Рассказчик “Театрального романа” примерно в тех же выражениях описывает таинственное исчезновение злого издательского духа Мефистофеля-Рудольфи, буквально провалившегося сквозь землю - в Америку - вместе с “Бюро медицинских пиявок” (см. также соответствующий эпизод в “Мастере и Маргарите”).

Итак, Михаил Семенович Шполянский исчезает бесследно перед падением Города. Однако, описывая триумфальный петлюровский парад в только что захваченном Городе, Булгаков не забывает упомянуть и некого незнакомца в бобровой шубе, до странности похожего на “покойного прапорщика Шполянского”. Автор с ироническим упорством именует новоприбывшего “неизвестным”. В дальнейшем творчестве Булгакова носители определения “неизвестный” как правило оборачиваются представителями либо тайной полиции, либо нечистой силы, либо того и другого. Эта тенденция доходит до предела развития в первой главе “Мастера и Маргариты” - “Никогда не разговаривайте с неизвестными” -, где встреченный двумя литераторами хорошо и дорого одетый неизвестный оказывается непосредственно Сатаной.

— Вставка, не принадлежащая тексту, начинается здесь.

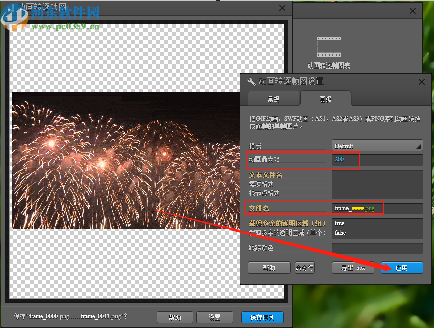 4.接下来在设置界面我们可以设置转换成png图片之后的命名方式,以及动画的最大帧这些参数,根据自己的需求设置完成之后点击应用按钮。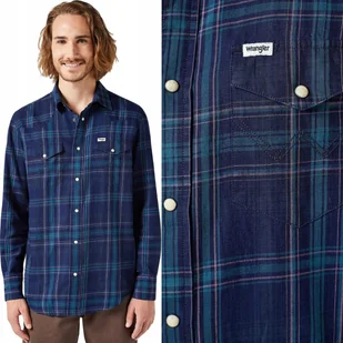 █ Wrangler Western Shirt Regular Fit Black Iris BAWEŁNIANA KOSZULA W KRATĘ rozmiar M █ Koszula firmy Wrangler Model: Western Shirt z kolekcji We Care, Wrangler Krój klasyczny, regular fit Zapinana na zatrzaski Dwie kieszenie z klapkami zapinanymi na zatrzaski, lewa z naszywką z logo Kolor: krata w odcieniach granatowym, zielonym i różowym (black iris) Bawełna bez dodatku streczu Wash (kod producenta): 112350490 - Rozmiar M szerokość pod pachami: 55 cm szerokość w ramionach: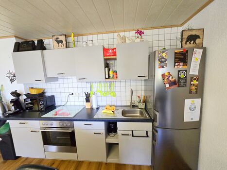 Cerankochfeld, Dunstabzugshaube, Kühlschrank mit Gefrierfach, Gefrierschrank, Senseo-Kaffeeautomat, Korkenzieher / Flaschenöffner, Gewürze (Salz, Pfeffer, Zucker), Öl / Essig, Geschirrhandtücher, Mülltüten, Essplatz in der Küche, TV in der Küche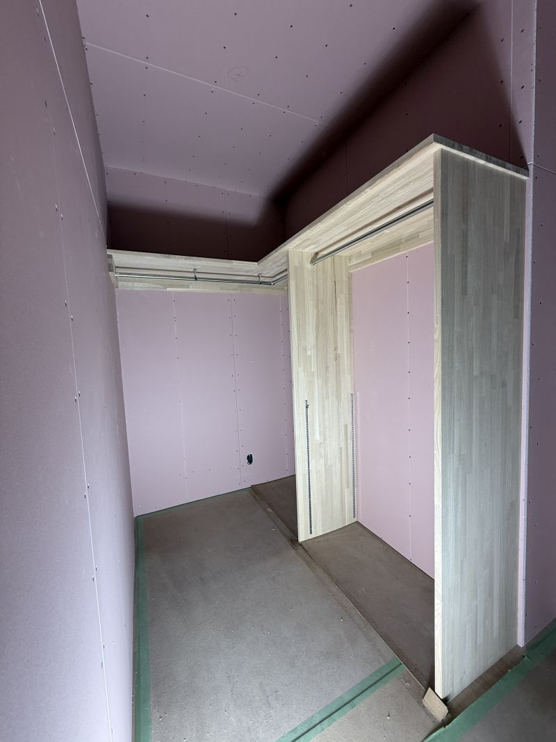 フアミリークローゼットのパイプハンガーも造作工事で制作されます。(^_-)-☆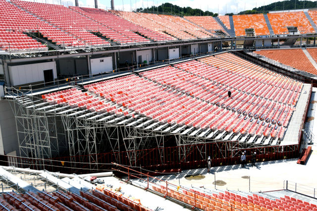 建設中の平昌五輪の開閉会式会場。1日の時点で完工率は87%。大会後は野外公演場などとして使用され、仮設の観客席はすべて撤去される=1日、韓国江原道・平昌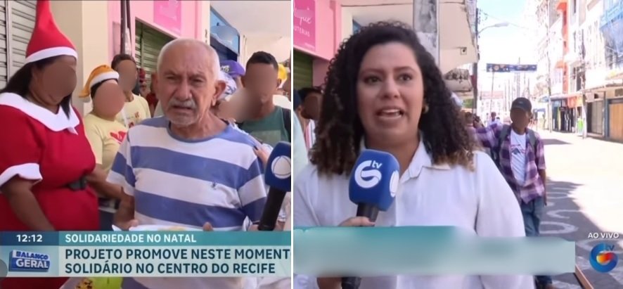 A repórter da TV Guararapes, Renata Araújo não conteve a emoção ao entrevistar o senhor José da Silva, o primeiro da fila a receber uma marmita de comida, durante um almoço solidário, no Recife (PE).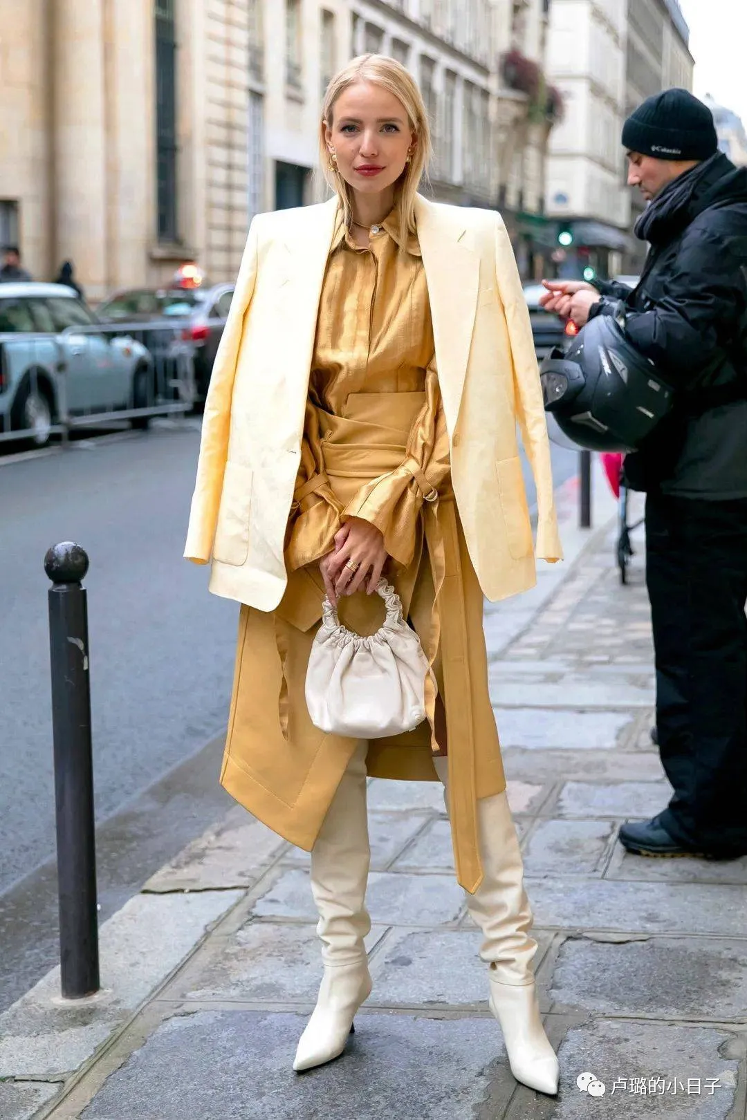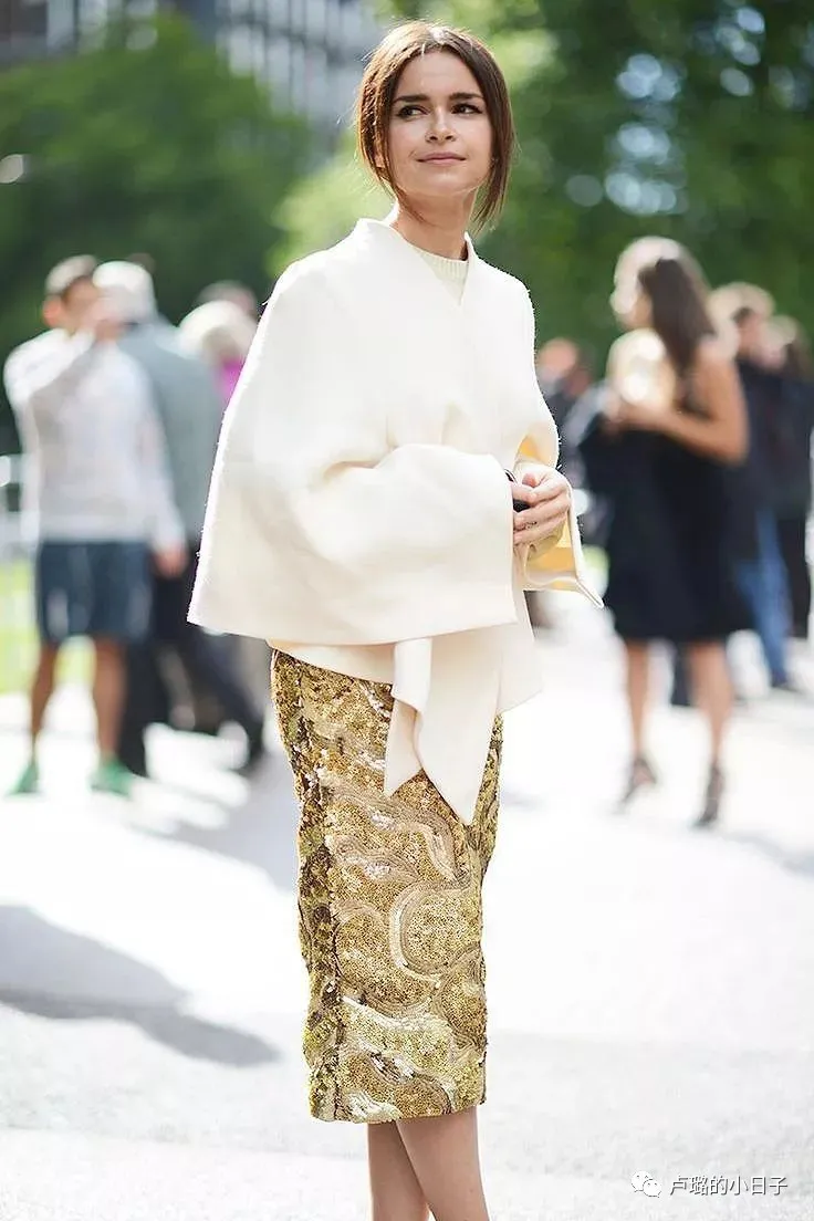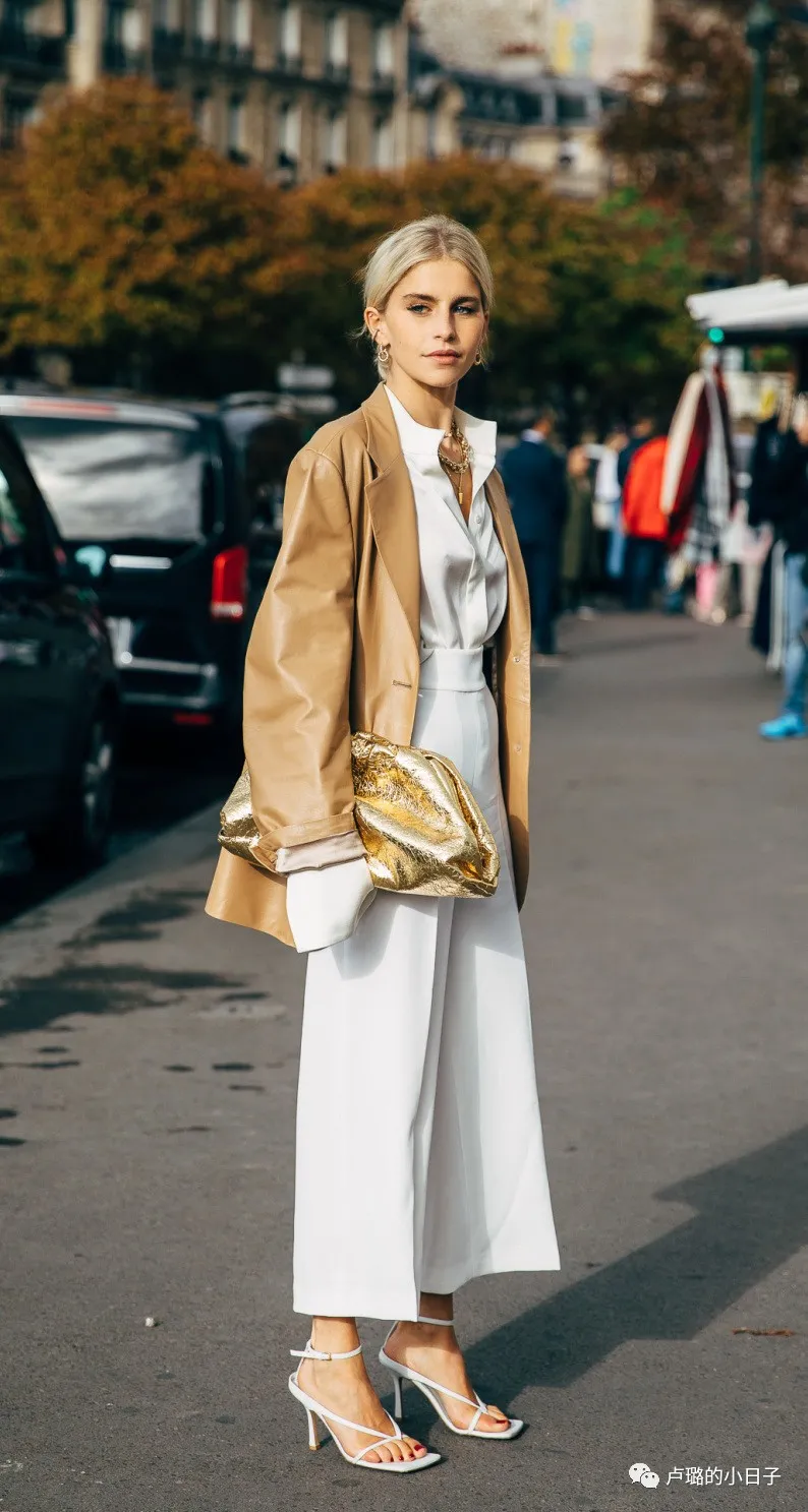 除了金色外套,白色外套的搭配也是白金搭配一種方法。

“Неизвестный” “Белой Гвардии” сеет смуту, защищает своих приверженцев (“… и главное, оратор пропал. Так пропал чудесно, колдовски, что словно сквозь землю провалился.”[Булгаков 1989: 395]) и обеспечивает мгновенное воздаяние подлецу и доносчику с эфективностью, вызывающей восхищение даже у поручика Виктора Мышлаевского. При этом, сам “неизвестный” в происходящем как бы и не участвует. Он - лишь снисходительный наблюдатель. Всю черную работу осуществляет его “свита”: смешливый Щур и светловолосый “оратор”. В самом же обладателе дорогой шубы и золотого портсигара, набитого немецкими папиросами, угадываются черты уже не мелкого беса…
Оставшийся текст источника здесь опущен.